Cris...I think he's asking if there's a trick to squeeze in a full length pen in a single 5" blank.

Yaroslaw what I do is use an accent material for finials and front section.





Then you'd just use the 5" blank for the cap and body. If you have black ebonite that'd work with just about any blank out there.


----------



## glycerine (Apr 17, 2013)

I would use your blanks for the body and (front section if there is enough) and make a solid black cap out of your ebonite.  Otherwise, start picking up two matching blanks...


----------



## yaroslaw (Apr 17, 2013)

Chris, Jonathon is right - I want to use single 5" blank to make one kitless pen.
I already imagined few designs that do the trick (say small pocket pens, as one seen in SOYP now).

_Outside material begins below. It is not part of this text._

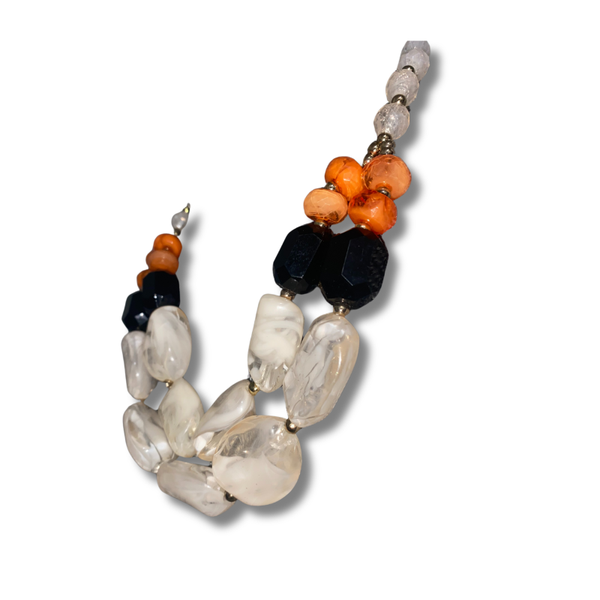 Each bead is uniquely patterned, offering a subtle swirl of whites and creams that give the piece depth and texture. The toggle clasp adds a touch of charm and functionality, making it easy to wear while enhancing its vintage appeal. With its striking silhouette and sculptural feel, this necklace makes a bold statement—perfect for anyone who appreciates curated collectibles and nostalgic items with old world charm.
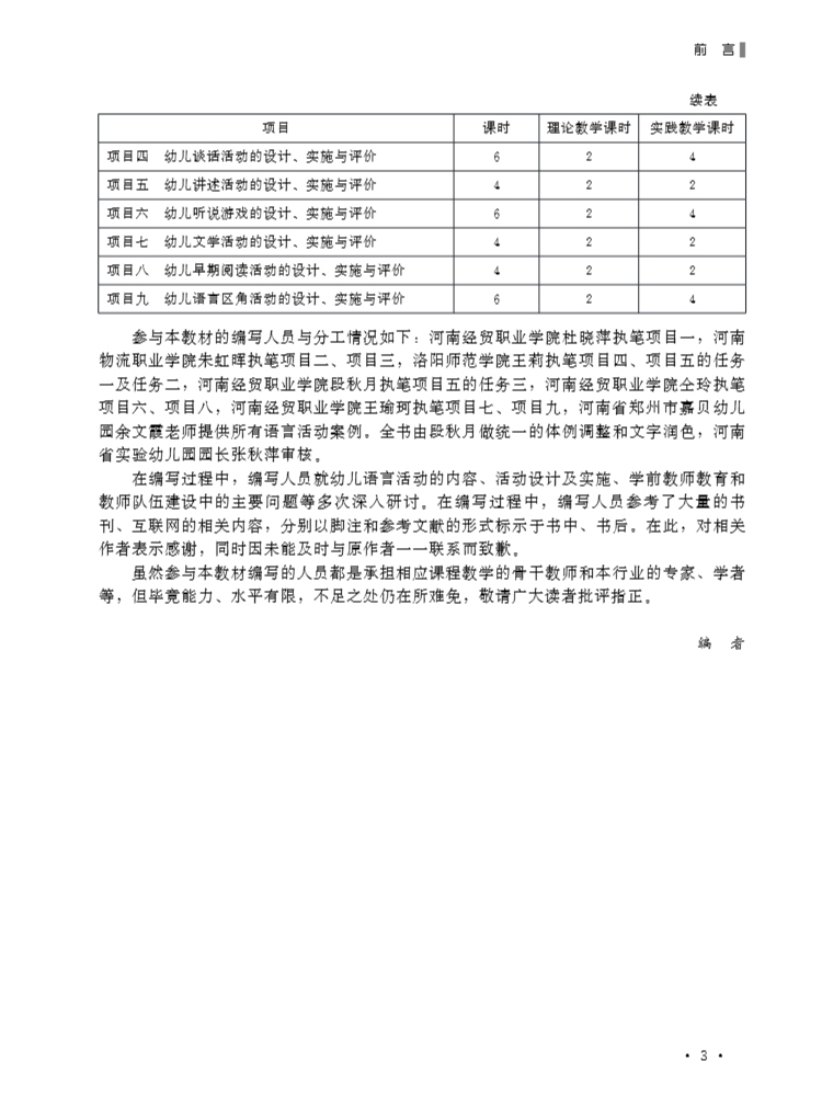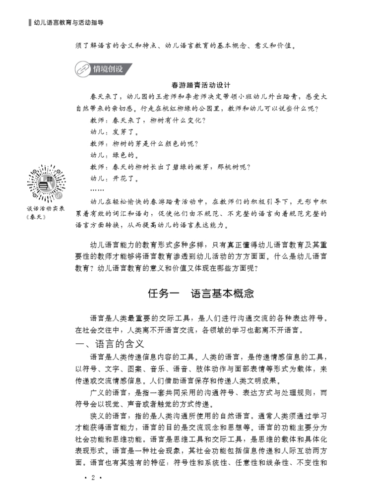 幼儿语言教育与活动指导是学前教育专业的核心课程,结合高职教育培养目标,教材内容为理实一体。主要内容包括幼儿语言教育概述,幼儿语言发展过程,幼儿语言教育活动的设计、组织和实施等十章。

Another trick I imagine, is to "shorten" needed material for body, making section from ebonite AND making male threads for a cap on a section not on a body. But I'm still waiting for custom taps so for now using el grande sections.


----------



## Texatdurango (Apr 17, 2013)

yaroslaw said:


> I started going kitless way, and my first tries are ebonite (I just have almost-free black rods). So far so good, but I want to use some colors and I have some freebies from Exoticblanks and Beartoothwoods, few bought acrylics, some blanks from Jonathan Brooks won during BASH.
> Problem is - all of them 5", and most of them - 1 piece.
> 
> So, any tricks on using 5" acrylic blanks (some are actually a little bigger) in kitless pens?

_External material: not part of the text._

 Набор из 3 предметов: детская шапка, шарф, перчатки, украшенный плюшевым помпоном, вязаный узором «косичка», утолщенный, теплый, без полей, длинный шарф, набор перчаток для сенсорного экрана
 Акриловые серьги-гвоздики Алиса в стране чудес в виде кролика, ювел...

The smallest pen I make that is capable of using a "standard" ink converter has a lower body of 2.8" and a cap body of 1.9" and I use .250" black upper and lower finials with a black grip section so making a pen from one 5" blank is easily doable with a thin kerf saw.  I have made quite a few pens this size so the above numbers are fact and not theory.

The lower pen in the photo is such a pen, it uses a standard ink converter and uses a Bock #5 nib and weighs 12 grams .....


----------